(Beginning of Entries provided)

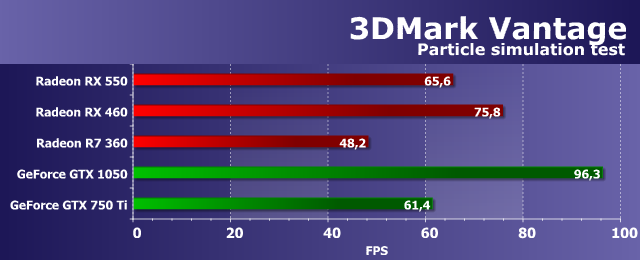 Несмотря на теоретически меньшее количество геометрических исполнительных блоков и отставание по геометрической производительности у почти всех чипов AMD, по сравнению с конкурирующими решениями от Nvidia, платы Radeon в этом тесте работают очень быстро, обгоняя все видеокарты GeForce, представленные в сравнении, даже более дорогие. Так, рассматриваемая сегодня плата Radeon RX 550 с запасом обогнала в этом тесте и GeForce GTX 750 Ti и даже GTX 1050, которые близки по скорости — явно же с этим тестом что-то не так. Feature Test 5: GPU Particles
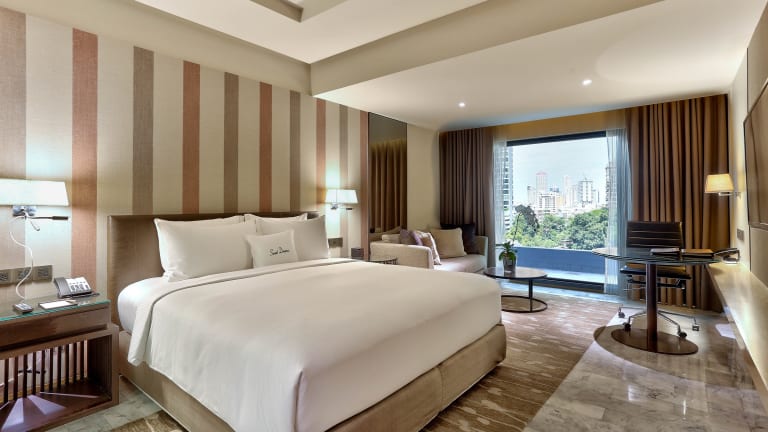 Die Zimmer sind mit Teppichböden und Klimaanlage ausgestattet und bieten Annehmlichkeiten wie einen Safe, eine Minibar, einen Schreibtisch und eine Mikrowelle. Zudem gibt es ein Sofa, ein TV-Gerät, WiFi sowie ein Badezimmer mit Dusche und Badewanne. Zustellbetten können angefordert werden, und es sind rollstuhlgerechte Zimmer verfügbar.
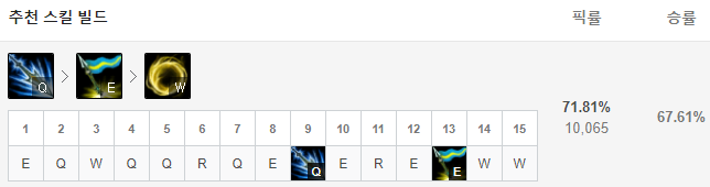 스킬 빌드의 경우 1레벨에는 E, 2레벨에는 Q, 3레벨에는 W를 찍어주고 이후부터는 R-Q-E-W 순서로 스킬을 마스터해줍니다. 궁극기를 제외하고나면 Q스킬이 제일 핵심 스킬이기 때문이죠.
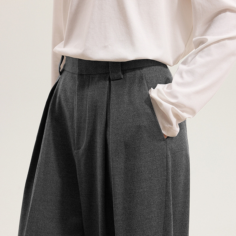 双侧带口袋棉绸绵绸人造棉高腰显瘦直筒裤女宽松休闲百搭阔腿长裤
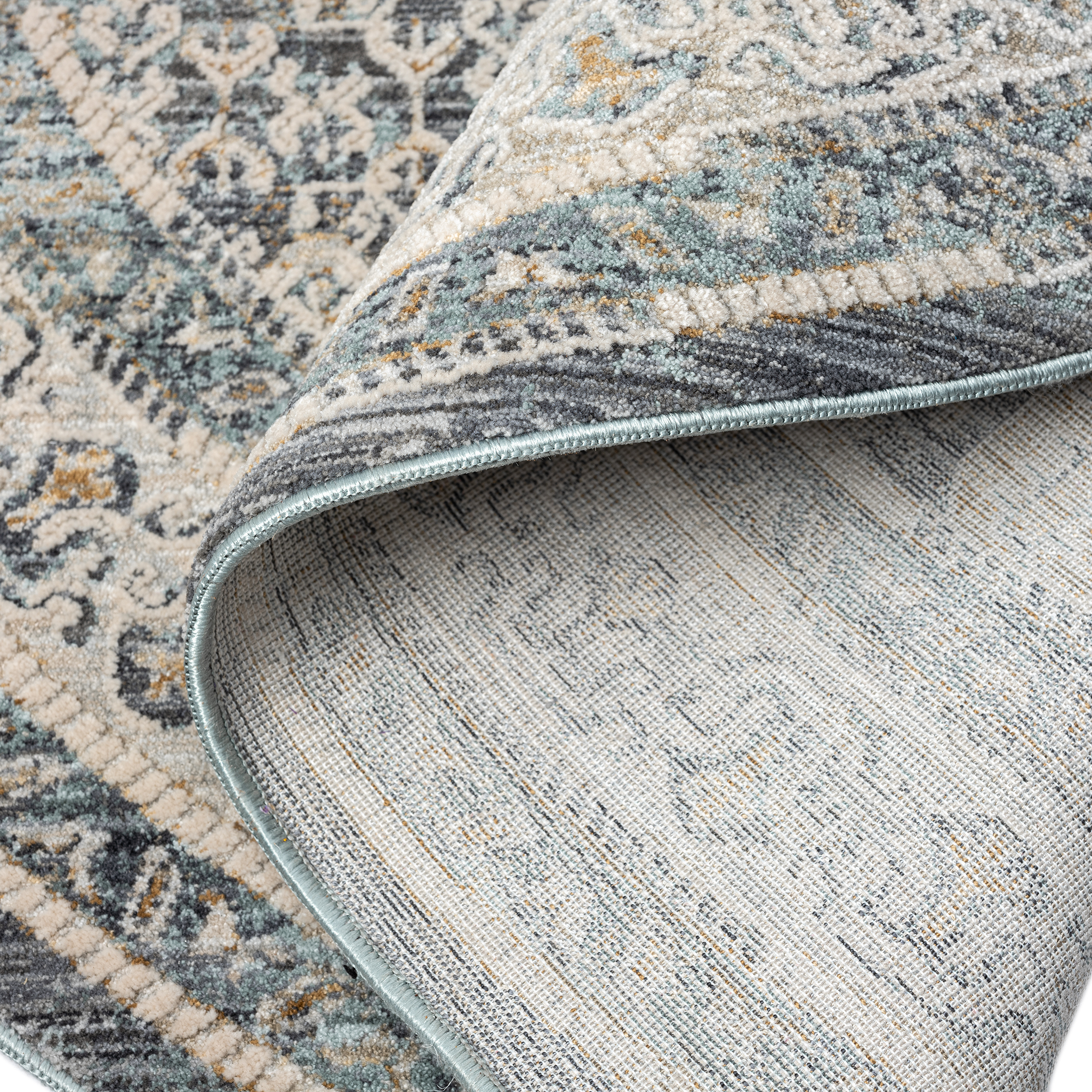 This exquisite rug is the perfect foundation for modern farmhouse ensembles that effortlessly anchors your look. It’s made in Turkey and crafted from a blend of cross-woven pile using multi-textured polyester fibers, power-loomed into a soft cotton base, making it resistant to stains and spills. The Oriental-inspired pattern with scrolling botanical accents and a bordered motif give this piece a touch of traditional appeal, while the distressed design elevates the look with vintage charm. The muted, harmonious color palette used in these rugs make them blend into a variety of spaces. Plus, its low .25″ pile height is easy to clean and works well in high-traffic rooms like the kitchen or bathroom floor space in your home and will complement almost all color schemes. This highly decorative collection also contains shed-resistant and anti-static properties and is easy to maintain.

(End of Entries provided)

* _What needs to be done_
The copy must start at the line containing "스킬 빌드의 경우 1레벨에는" and stop at the last line of the listing, both included, with every line exact and no pictures.

* _Task result_
 스킬 빌드의 경우 1레벨에는 E, 2레벨에는 Q, 3레벨에는 W를 찍어주고 이후부터는 R-Q-E-W 순서로 스킬을 마스터해줍니다. 궁극기를 제외하고나면 Q스킬이 제일 핵심 스킬이기 때문이죠.
 双侧带口袋棉绸绵绸人造棉高腰显瘦直筒裤女宽松休闲百搭阔腿长裤
 This exquisite rug is the perfect foundation for modern farmhouse ensembles that effortlessly anchors your look. It’s made in Turkey and crafted from a blend of cross-woven pile using multi-textured polyester fibers, power-loomed into a soft cotton base, making it resistant to stains and spills. The Oriental-inspired pattern with scrolling botanical accents and a bordered motif give this piece a touch of traditional appeal, while the distressed design elevates the look with vintage charm. The muted, harmonious color palette used in these rugs make them blend into a variety of spaces. Plus, its low .25″ pile height is easy to clean and works well in high-traffic rooms like the kitchen or bathroom floor space in your home and will complement almost all color schemes. This highly decorative collection also contains shed-resistant and anti-static properties and is easy to maintain.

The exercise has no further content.